I actually am not sure what to write about. This is more like my paper journal, where I spew whatever I'm thinking. It's not the sort of things normally done in blogs, where the knowledge of a (potential) reader keeps you decent and coherent, like the difference between going to the post office to drop off a letter at 11 PM (pajamas) and 11 AM (fully clothed, hair brushed!).

Since my 4 AM revelation, I dislike my job. I have disdain for it. I am resolved never again to make sandwiches or pour coffee for work, unless I am the boss, or unless economic necessity requires it. The worst is when I'm trying to close and it's steadily busy, so I can't clean. I put all kinds of ridiculous pressure on myself to finish on time, and it's truly ridiculous, because the worst thing that could possibly happen might be that the cashier and I clock out a few minutes late. If I'm going to stress out at work, and I know I will, I want to stress over something other than unwashed dishes and annoying children wanting apres ski PBJs before the family trundles back to New York or Connecticut in their luxury minivan.

I suggested something to Tim that was romantic and he seemed all into it but then says there are "logistic difficulties" and "we'll talk about it," which means "no." The world can be divided into all kinds of dualities and here is one: there are two kinds of people in this world, those who think nothing of going out of the way (like, several hours out of the way) to spend a quality hour with a friend or loved one, and those who do. Yes, I'm grumpy because I miss my long-term, long-distance boyfriend and I'm acting a little selfish and entitled and pouting about it on Livejournal.

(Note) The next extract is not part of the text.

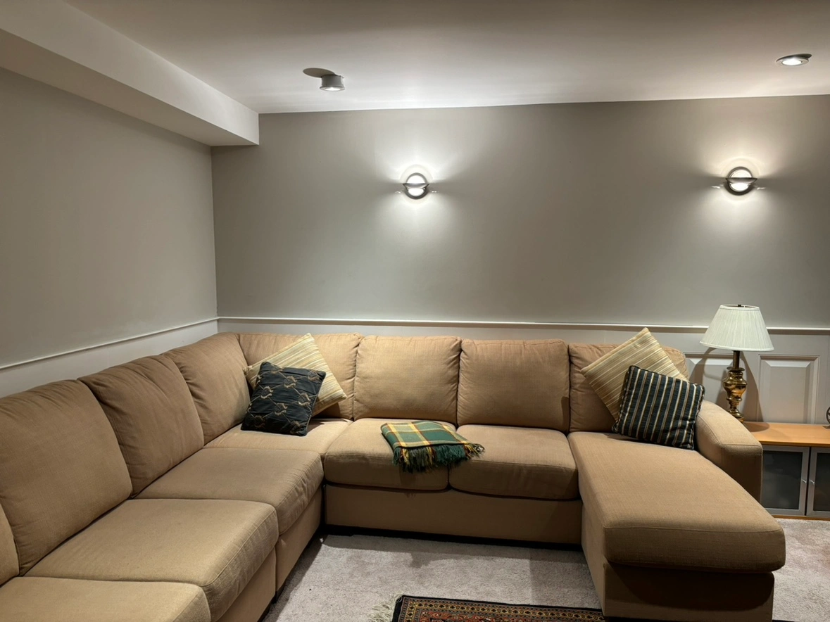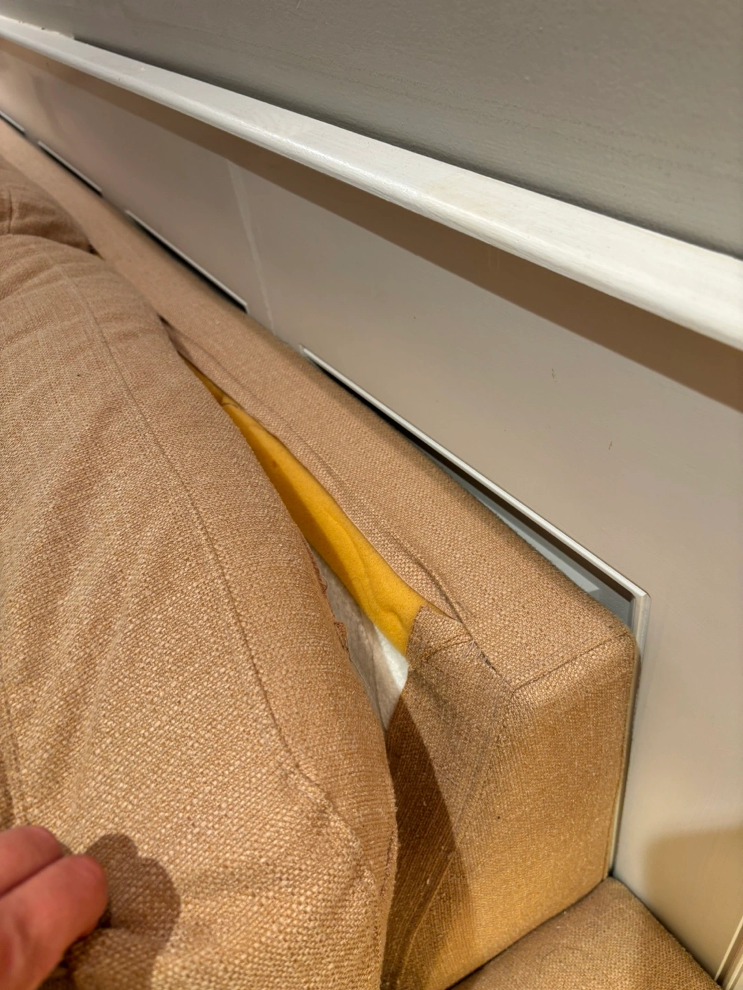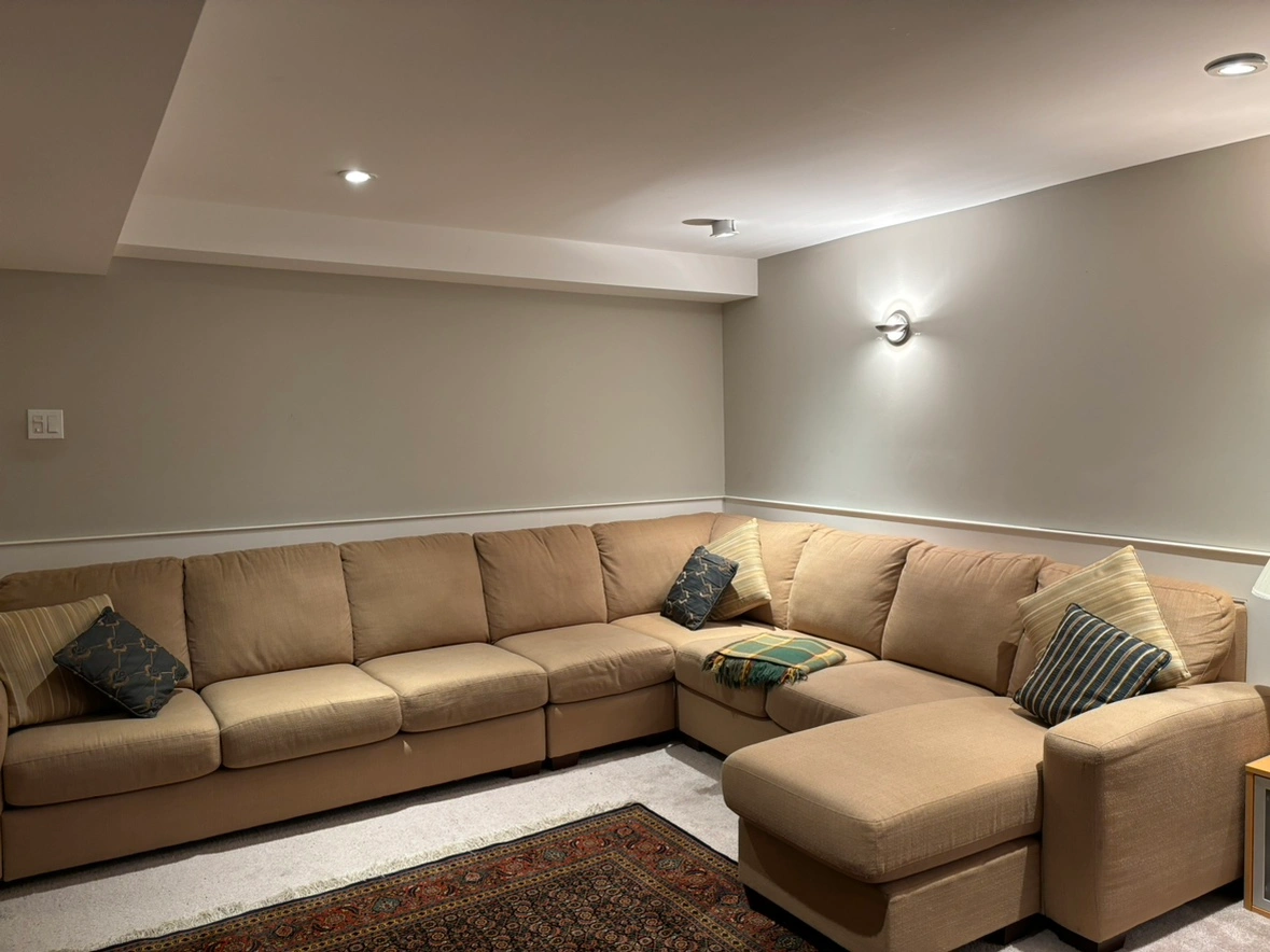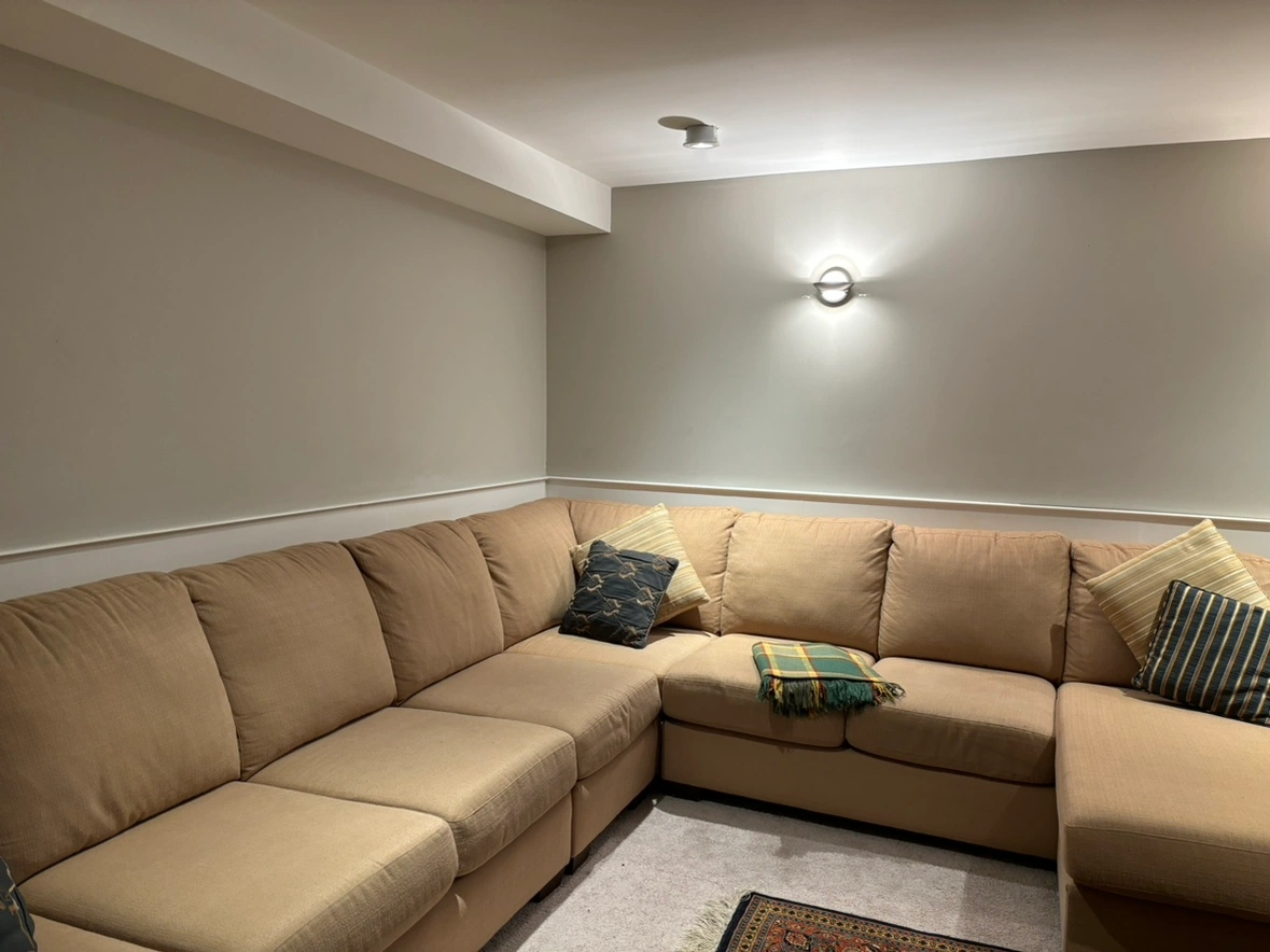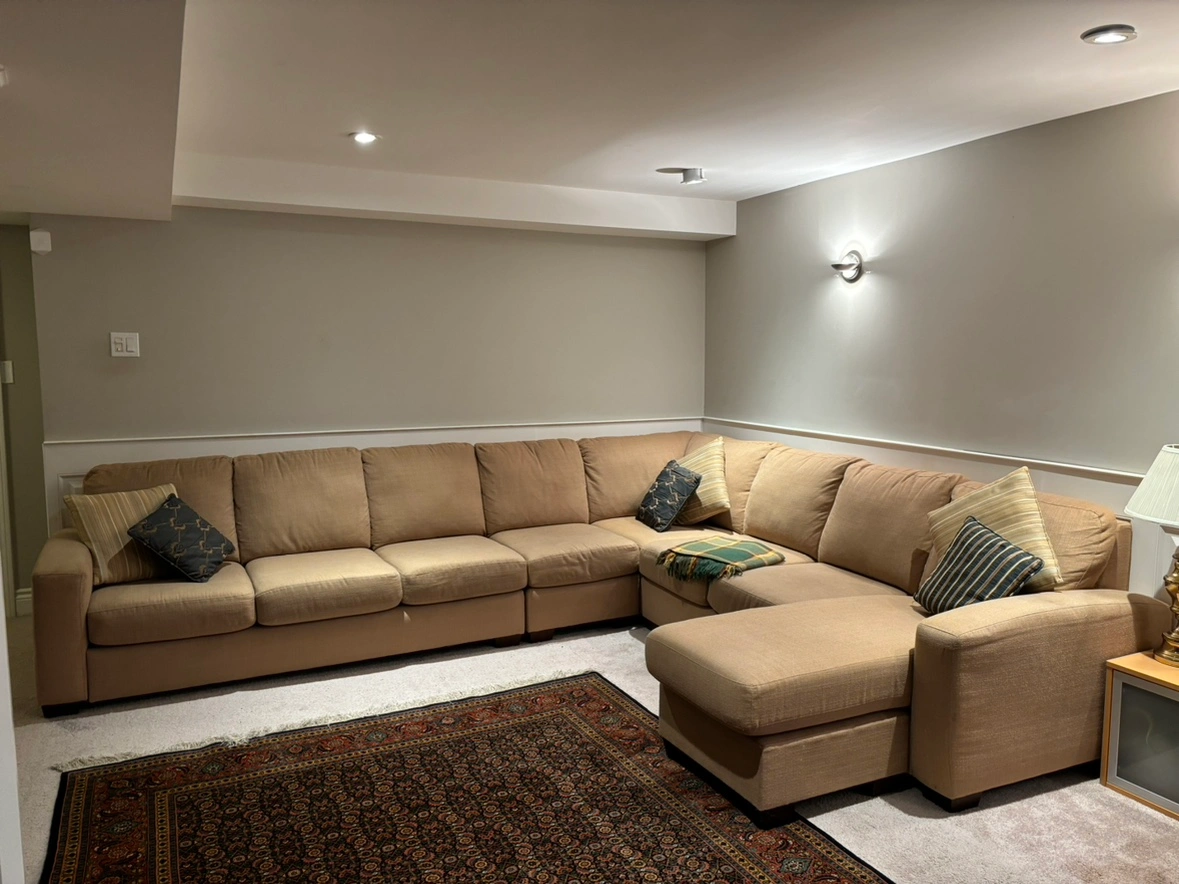 30Large sectional sofa in a beige fabric. The sectional is in a L shape with a chaise on the right side (it can be switched to a seat) Pick up only. Found a tear in the back so reduced the price, some mild stains, removable seat covers

My god, I'm a complainy pants. Speaking of god or God I've been haphazard with the capitalization lately. Is g/God something concentrated, or is g/God everything? And when we die, if there's an afterlife, do we get to find out how all the connections really worked? Do we get to know what people thought of us (there I go with my patterns)? Are the unanswered questions (like, "Why did I get released from the job I used to have?") answered? And do we get to see everyone again? My friend Ganey is getting ready to move to Alaska, and he was at my house when I came home, giving stuff away. At least, I think that's why he was here. He gave me running snowshoes and his old backpack, for no reason other than he doesn't need them and I walked in the door at the right time. Gill and I walked with Ganey down to his truck to get the gear, and he said goodbye to us again (Ganey's been saying goodbye all week), and I said, "See you around, Ganey." Which is what I always say when parting for an unknown and possibly infinite period of time. So will I see him around, and all the other people I've said that to? If so, it can only conceivably happen in some kind of other plane of existence.

I'm gonna end this riff now and go to bed, so I can get up early and go walk in the snow with the dog. See you around.